■ **WORKING DATA**

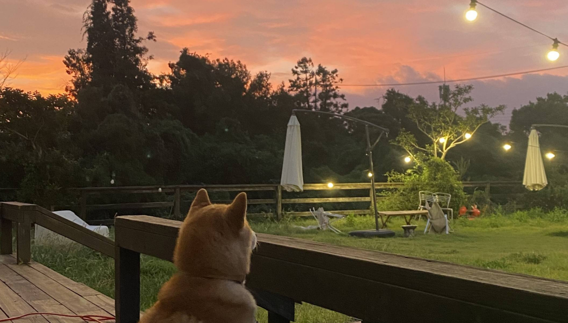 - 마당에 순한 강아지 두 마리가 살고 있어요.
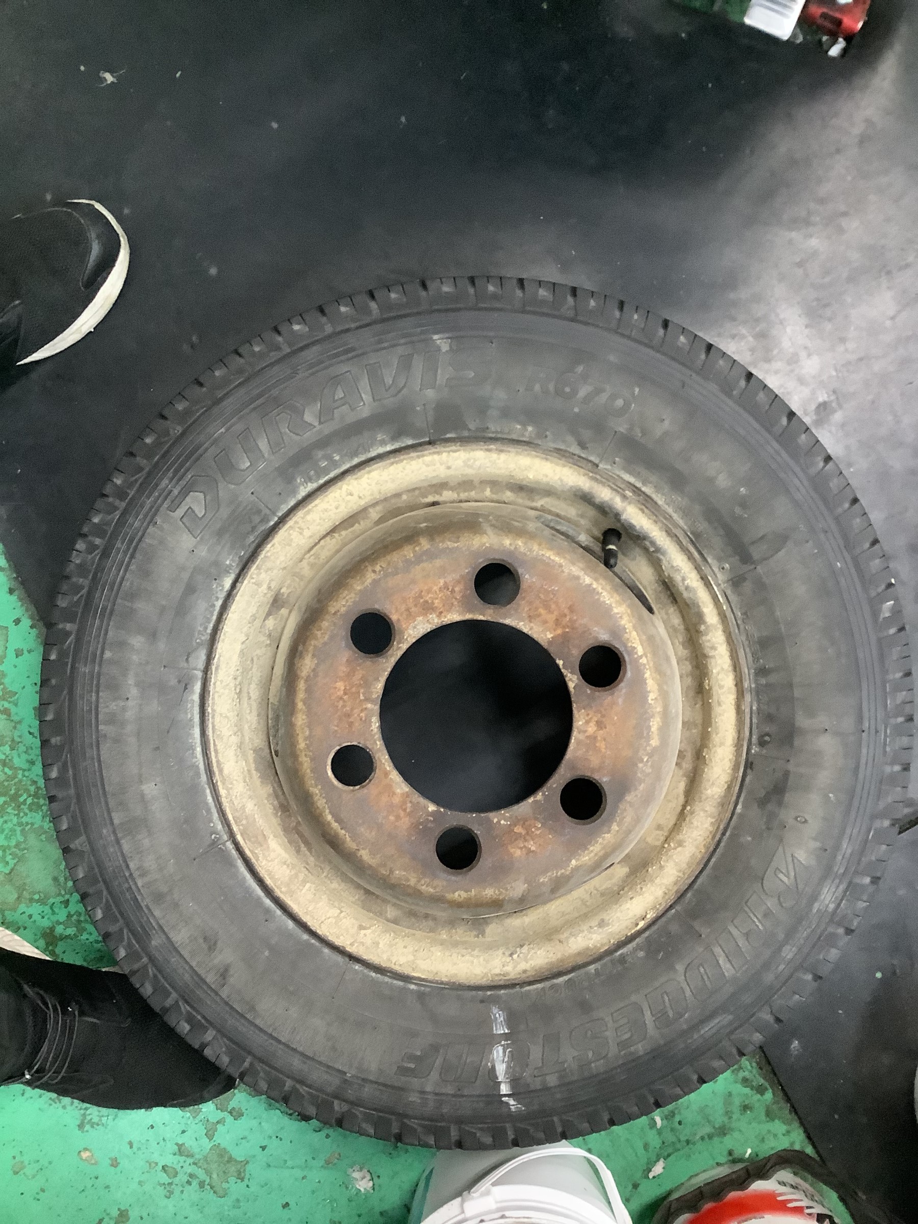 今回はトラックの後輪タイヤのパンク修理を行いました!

==

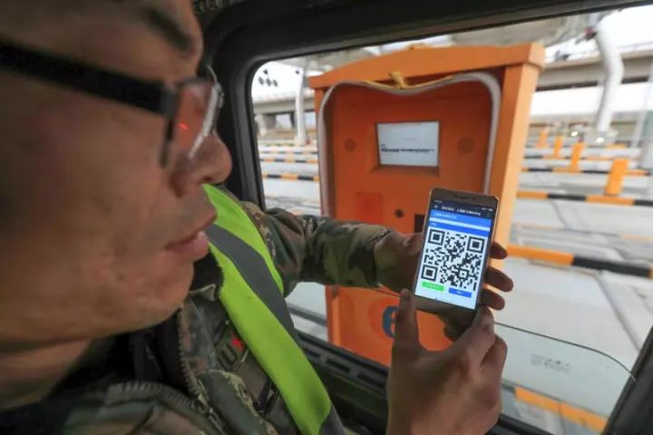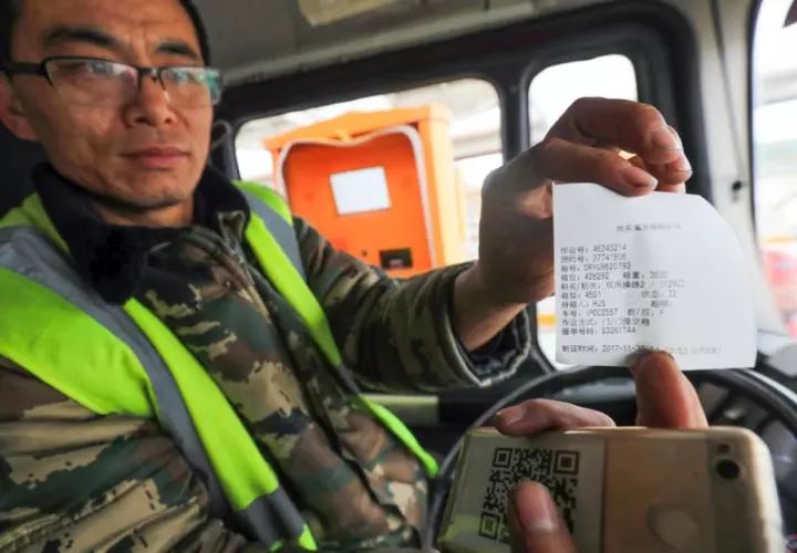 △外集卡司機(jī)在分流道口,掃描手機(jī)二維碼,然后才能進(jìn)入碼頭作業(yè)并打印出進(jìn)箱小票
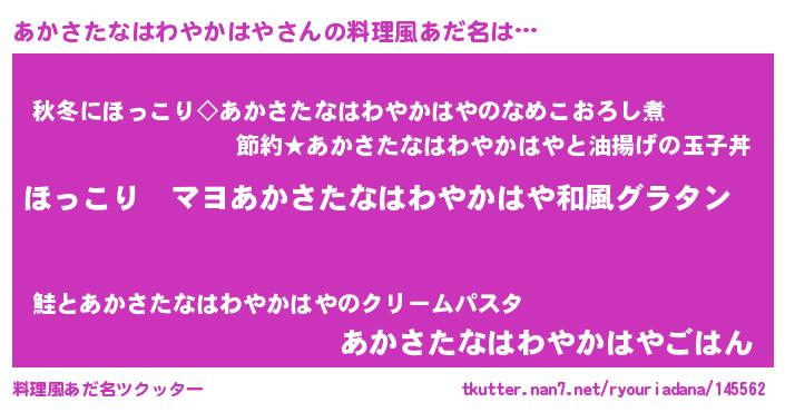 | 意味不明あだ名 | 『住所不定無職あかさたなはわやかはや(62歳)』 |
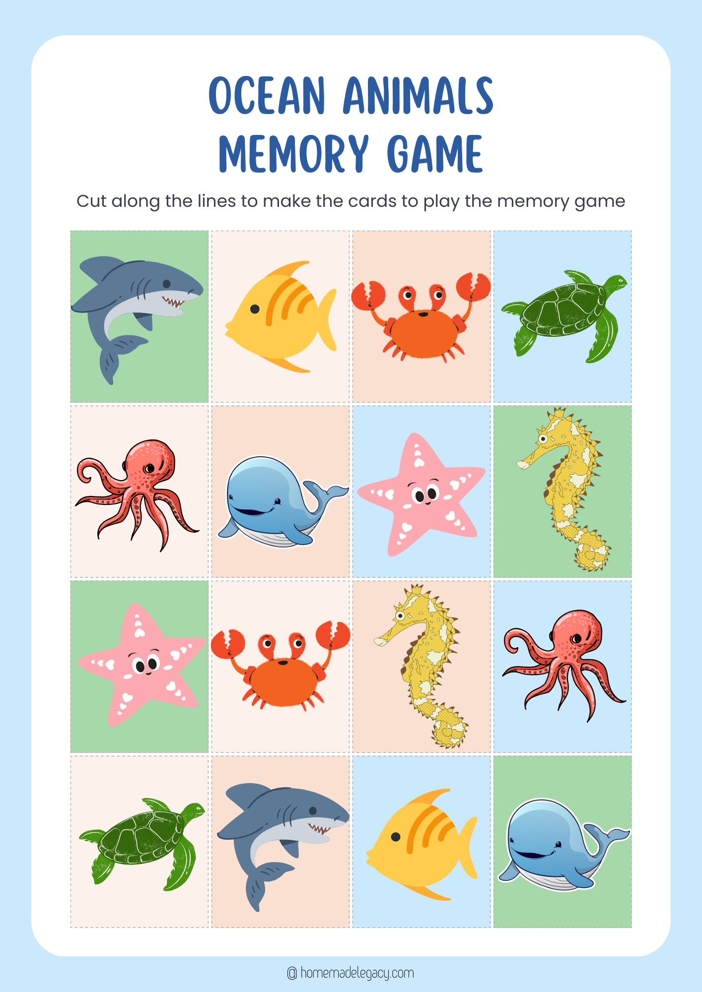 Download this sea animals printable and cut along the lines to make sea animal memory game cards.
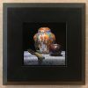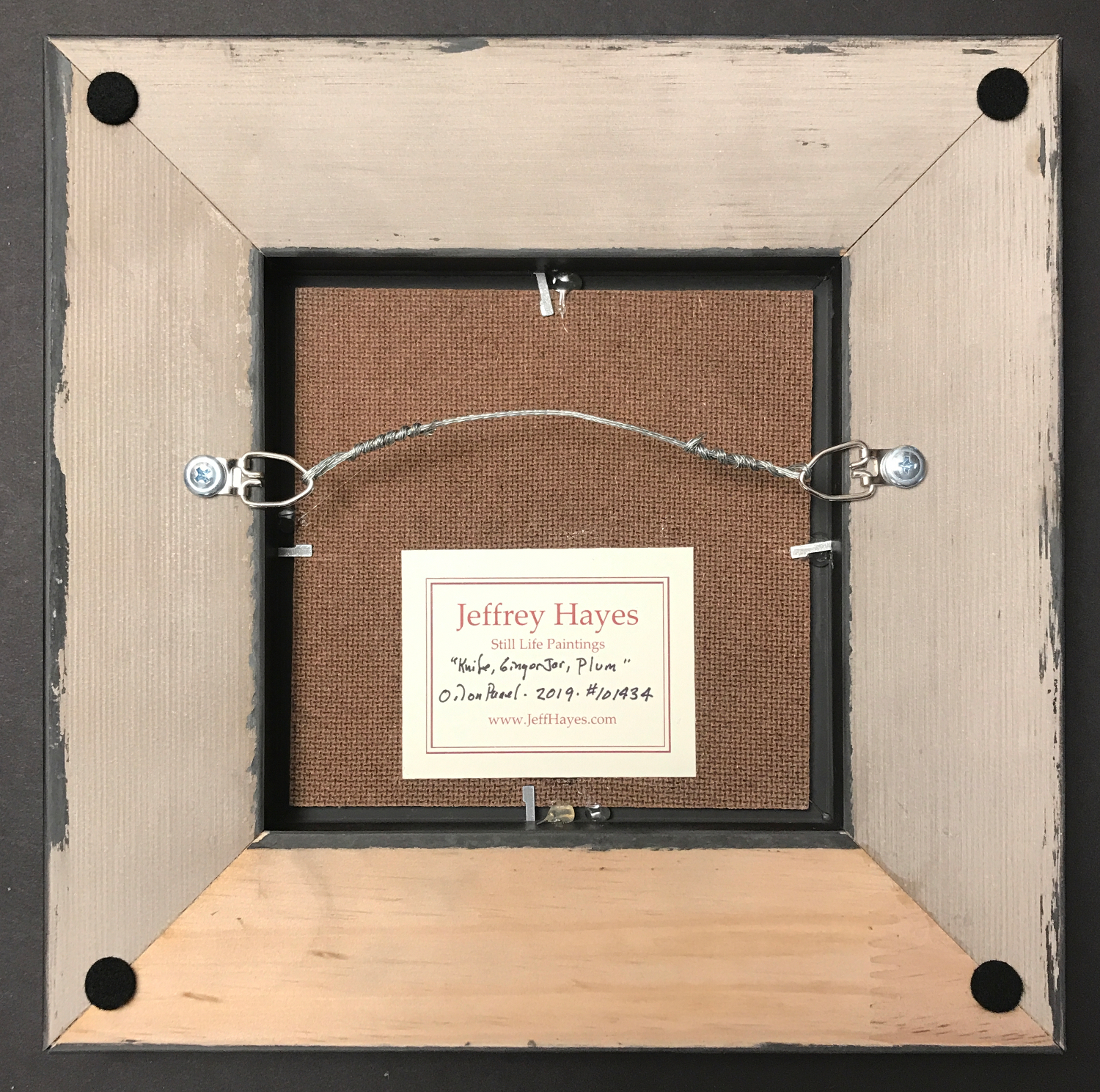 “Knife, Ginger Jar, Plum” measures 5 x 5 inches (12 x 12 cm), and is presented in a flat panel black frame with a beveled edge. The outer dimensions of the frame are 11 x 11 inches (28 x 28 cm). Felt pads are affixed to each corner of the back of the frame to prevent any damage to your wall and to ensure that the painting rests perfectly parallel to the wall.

---

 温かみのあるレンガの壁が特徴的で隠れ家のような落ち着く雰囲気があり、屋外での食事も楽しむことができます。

■ **EXERCISE REQUIREMENTS**
Using the entries above, extract exactly the lines from the one that contains "- 마당에 순한 강아지 두 마리가 살고 있어요." through the one that contains "今回はトラックの後輪タイヤのパンク修理を行いました!". Do not carry over any pictures.

■ **EXERCISE RESULT**
 - 마당에 순한 강아지 두 마리가 살고 있어요.
 今回はトラックの後輪タイヤのパンク修理を行いました!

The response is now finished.